Risks Related to the Integration of the Progenics Acquisition
We may not be able to successfully integrate the Progenics business into our business and realize the anticipated benefits of the Progenics
Acquisition.
The ultimate success of the Progenics Acquisition will depend on our ability to successfully combine the business of Progenics with our own and
realize the anticipated benefits, including synergies, cost savings, innovation and operational efficiencies and revenue growth from the combination. If we
are unable to achieve these objectives within the anticipated time frame, or at all, the anticipated benefits may not be realized fully or at all, or may take
longer to realize than expected, and the value of our common stock may suffer.
The Progenics Acquisition involves the continued integration of Progenics’ business into our existing business, which has been a complex, costly and
time-consuming process. The on-going integration may result in material challenges, including, without limitation:
•
The diversion of management’s attention from ongoing business concerns and performance shortfalls at one or both of the companies;
• Managing a larger combined company;
• Maintaining employee morale and attracting, motivating and retaining management personnel and other key employees;
• Unanticipated risks to our integration plan including in connection with timing, talent, and the potential need for additional resources;
• New or previously unidentified manufacturing, regulatory, or research and development issues in the Progenics business;
•
Retaining existing business and operational relationships and attracting new business and operational relationships;
• Unanticipated changes in federal or state laws or regulations; and
• Unforeseen expenses or delays associated with the Progenics Acquisition.

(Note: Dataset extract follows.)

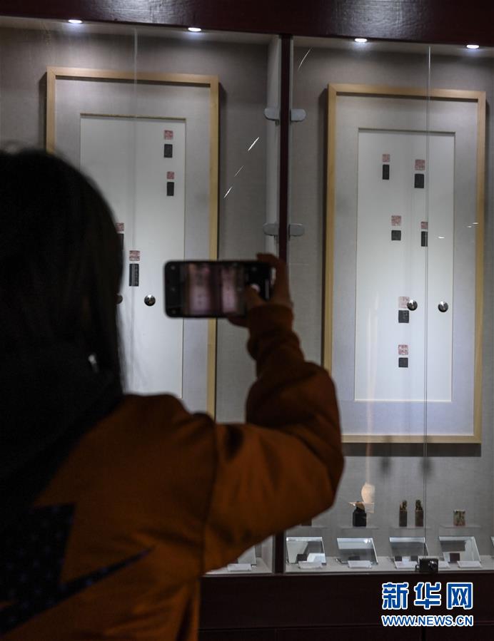 12月29日,觀眾用手機(jī)拍攝展出的金石篆刻印章。 當(dāng)日,“中國竹扇之鄉(xiāng)”——浙江省安吉縣鄣吳鎮(zhèn)舉辦傳統(tǒng)文化迎新年活動。舉辦包括扇文化博覽會、扇面藝術(shù)展、制扇工藝展示及金石、拓印文化展示等活動,弘揚中華優(yōu)秀傳統(tǒng)文化。 自上世紀(jì)七十年代以來,鄣吳鎮(zhèn)開始發(fā)展制扇產(chǎn)業(yè),現(xiàn)在該鎮(zhèn)有各類制扇企業(yè)80余家,制扇行業(yè)從業(yè)人員2000多人,年產(chǎn)值達(dá)2億多元。 新華社記者 徐昱攝

Many of these factors are outside of our control and any one of them could result in delays, increased costs, decreases in the amount of expected
revenues and diversion of management’s time and energy, which could materially affect our financial position, results of operations and cash flows.
Our future results may be adversely impacted if we do not effectively manage our expanded operations following the completion of the Progenics
Acquisition.
Our combined business is now significantly larger and more complex than our business was immediately prior to the consummation of the Progenics
Acquisition. Our ability to successfully manage this combined business will depend upon our ability to continue to integrate the two separate businesses
and manage the combined business with its increased scale and scope, and increased costs and complexity. We may not be successful or may not realize the
expected operating efficiencies, cost savings and other benefits previously disclosed.

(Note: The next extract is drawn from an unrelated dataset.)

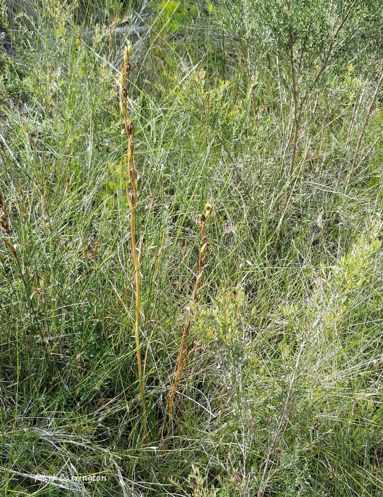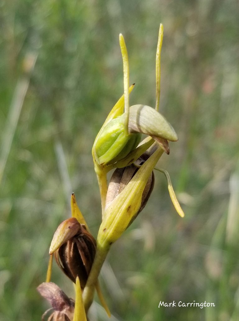 Top flower still holding its shape after pollination - orthoceras strictum

The CVRs we issued as part of the Progenics Acquisition may result in substantial future payments and could divert the attention of our
management.
As part of the consideration for the Progenics Acquisition, we issued CVRs to the stockholders of Progenics and holders of in-the-money Progenics
equity awards entitling them to future cash payments of 40% of PyL net sales over $100.0 million in 2022 and over $150.0 million in 2023. These
payments could be substantial and could adversely impact our liquidity. In addition, we are obligated to exercise a level of effort, expertise and resources
consistent with those normally used in a medical diagnostics business similar to our size and resources with respect to developing, seeking regulatory
approval for and commercializing a product of similar market potential at a similar stage in its development or product life to PyL. We are also required to
produce net sales statements for PyL that may be reviewed and challenged by CVR holders, with any disagreement to be resolved by an independent
accountant. These requirements could divert management time and resources and result in additional costs.
The financial analyses and forecasts considered by us and Progenics and their respective financial advisors in connection with the Progenics
Acquisition may not be realized, which may adversely affect the market price of our common stock in the future.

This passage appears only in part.